Aim: Safer Care Victoria updated a clinical guideline on extreme prematurity in 2020, reducing the threshold for offering resuscitation from 23 to 22 weeks gestation. The zone of parental discretion is the interval of shared decision-making between parents and doctors regarding resuscitation decisions. It is especially relevant at this periviable gestation. Our study aimed to establish current practices in antenatal counselling and steroid administration at this cusp of viability, and examine the decisions made during the zone of parental discretion.

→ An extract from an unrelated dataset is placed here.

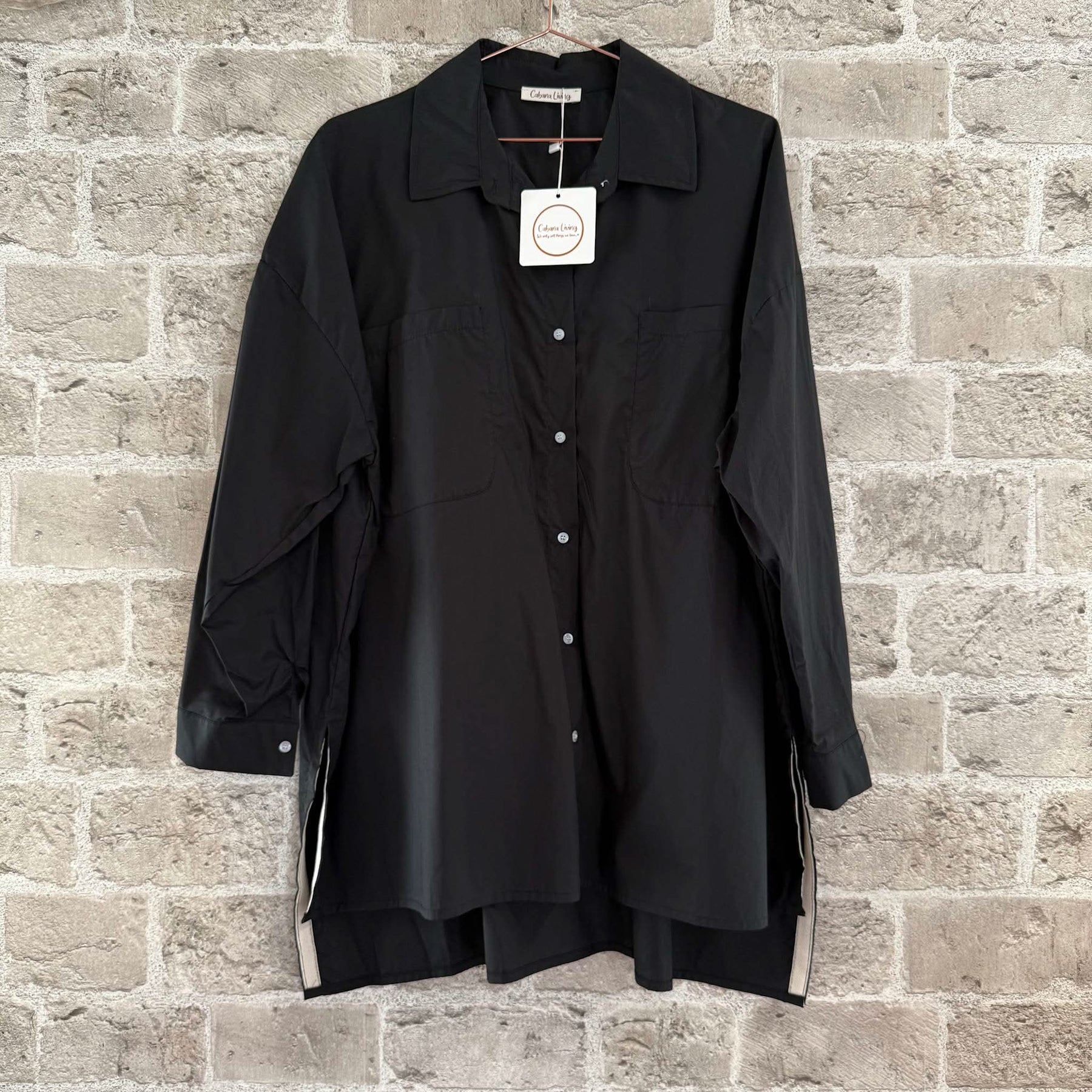 ❥ Mål på størrelse: Onesize - Mål over bryst: 79 cm - Mål i bund: 78 cm - Længde front: 74 cm - Længde Bag: 83 cm - Ærme udvendig: 71 cm - Ærme indvendig: 40 cm
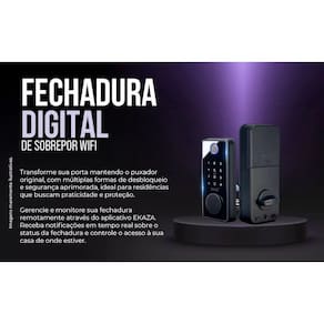 Fechadura Inteligente WiFi Sobrepor Biometria Tag Ekaza Tuya Fechadura Inteligente Wi-Fi de Sobrepor Ekaza - Controle e Segurança Avançados Proteja e automatize sua casa com a Fechadura Inteligente Wi-Fi EKDS-T328 da Ekaza. Com um design robusto e tecnologia avançada, ela oferece segurança, praticidade e controle completo do acesso ao seu ambiente interno. Principais Características Acesso Remoto: Controle e monitore a fechadura de qualquer lugar via aplicativo Tuya ou Ekaza. Múltiplos Métodos de Desbloqueio: Código de Acesso: Crie e gerencie senhas personalizadas para familiares e visitantes. Cartões RFID: Acesso rápido e prático com os cartões inclusos. Chave Física: de desbloqueio em situações de emergência. Segurança Avançada: Receba notificações em tempo real sobre tentativas de acesso forçado. Especificações Técnicas Marca: Ekaza Modelo: EKDS-T328 Conexão: Wi-Fi 2.4 GHz Material: Construção robusta e durável Alimentação: Pilhas Compatibilidade: Totalmente integrado aos sistemas de automação residencial via app Tuya ou Ekaza Direção de abertura: Direita/Esquerda Ambiente de uso: Interno Espessura mínima da porta recomendada: 25 mm Espessura máxima da porta recomendada: 50 mm Quantidade de cartões suportados: 100 Quantidade de códigos numéricos suportados: 100 Homologação Anatel Nº 40042011765 Quantidade máxima de impressões digitais: 100 Com indicador de bateria fraca Aplicativos: Ekaza, Android, Tuya, Smart Life e NovaDigital. : 12 meses contra defeitos de fabricação da Ekaza. Conteúdo da Embalagem 1x Fechadura Inteligente EKDS-T328 2x Cartões RFID 1x Manual de Instruções 1x Chave Física Controle e Monitoramento Inteligente A Fechadura EKDS-T328 é a escolha ideal para quem busca segurança aliada à praticidade. Com múltiplas formas de acesso e monitoramento em tempo real, ela é perfeita para residências, escritórios e estabelecimentos comerciais. Transforme a segurança do seu ambiente com a tecnologia da Fechadura Inteligente Ekaza. Garanta já a sua e proteja seu lar com eficiência e modernidade Necessário ter ou providenciar a rede Wi-fi 2,4GHz, com alta capacidade interna para administração de dispositivos e com boa distribuição do sinal no local. Com a oscilação na conexão do dispositivo, pode acarretar falha na resposta aos comandos via aplicativo, assistentes de voz e não execução de rotinas automáticas agendadas . Consulte um técnico da sua operadora.

Methods: Single centre retrospective cohort study. Sixteen thousand three hundred fifty-four admissions and emergency department presentations between January 2021 and July 2023 were retrieved from Birthing Outcomes System (BOS) and patient details were imported and manually reviewed on Microsoft Excel, with particular note to the gestation at admission/emergency department presentation and duration of admission. Eighty-seven patients were identified as present in the hospital between 21 + 0 and 22 + 6 weeks gestation. These 87 scanned records on Clinical Patient Folder (CPF) were then manually reviewed to identify if antenatal counselling occurred during this window. Thirty-six patients were included who received antenatal counselling between 21 + 0 and 22 + 6 weeks gestation (the remaining patients did not receive antenatal counselling during this window), and relevant data was subsequently extracted from the scanned medical record and analysed using SPSS software (IBM SPSS Statistics 29).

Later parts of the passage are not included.